◆ ACTIVITY: Exact reproduction required: the lines below from the line with "написал Кент в Х." to the line with "画像出典:河合塾 「共通テストリサーチ」7科目受験者の成績分布", both ends included, and no others.

◆ DATA FOR THIS TASK:
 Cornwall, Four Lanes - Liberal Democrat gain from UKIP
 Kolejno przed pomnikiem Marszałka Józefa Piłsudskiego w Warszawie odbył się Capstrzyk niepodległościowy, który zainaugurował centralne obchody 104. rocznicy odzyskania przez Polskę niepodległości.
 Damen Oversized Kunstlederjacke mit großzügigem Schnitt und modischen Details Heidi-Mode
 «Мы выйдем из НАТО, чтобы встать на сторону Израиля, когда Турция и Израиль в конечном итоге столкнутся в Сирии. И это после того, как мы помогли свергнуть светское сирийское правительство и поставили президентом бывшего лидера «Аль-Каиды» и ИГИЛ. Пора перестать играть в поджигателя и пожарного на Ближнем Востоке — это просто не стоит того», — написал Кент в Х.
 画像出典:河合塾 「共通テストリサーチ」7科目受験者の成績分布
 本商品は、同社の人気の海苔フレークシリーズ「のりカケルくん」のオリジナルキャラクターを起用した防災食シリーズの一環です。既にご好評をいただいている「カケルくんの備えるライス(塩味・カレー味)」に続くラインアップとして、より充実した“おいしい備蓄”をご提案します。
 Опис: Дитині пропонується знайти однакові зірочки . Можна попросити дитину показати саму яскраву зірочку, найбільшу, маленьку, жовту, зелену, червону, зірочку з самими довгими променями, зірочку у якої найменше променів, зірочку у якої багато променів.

==

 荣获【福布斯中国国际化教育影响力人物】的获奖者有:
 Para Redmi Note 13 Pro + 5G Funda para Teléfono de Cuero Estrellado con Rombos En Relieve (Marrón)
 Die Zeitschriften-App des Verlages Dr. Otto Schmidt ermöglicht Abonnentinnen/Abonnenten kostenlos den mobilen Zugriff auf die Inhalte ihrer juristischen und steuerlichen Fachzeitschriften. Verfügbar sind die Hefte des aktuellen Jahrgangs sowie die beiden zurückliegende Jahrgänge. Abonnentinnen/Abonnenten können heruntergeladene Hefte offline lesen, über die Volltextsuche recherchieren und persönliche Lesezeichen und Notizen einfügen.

◆ TASK RESPONSE:
 «Мы выйдем из НАТО, чтобы встать на сторону Израиля, когда Турция и Израиль в конечном итоге столкнутся в Сирии. И это после того, как мы помогли свергнуть светское сирийское правительство и поставили президентом бывшего лидера «Аль-Каиды» и ИГИЛ. Пора перестать играть в поджигателя и пожарного на Ближнем Востоке — это просто не стоит того», — написал Кент в Х.
 画像出典:河合塾 「共通テストリサーチ」7科目受験者の成績分布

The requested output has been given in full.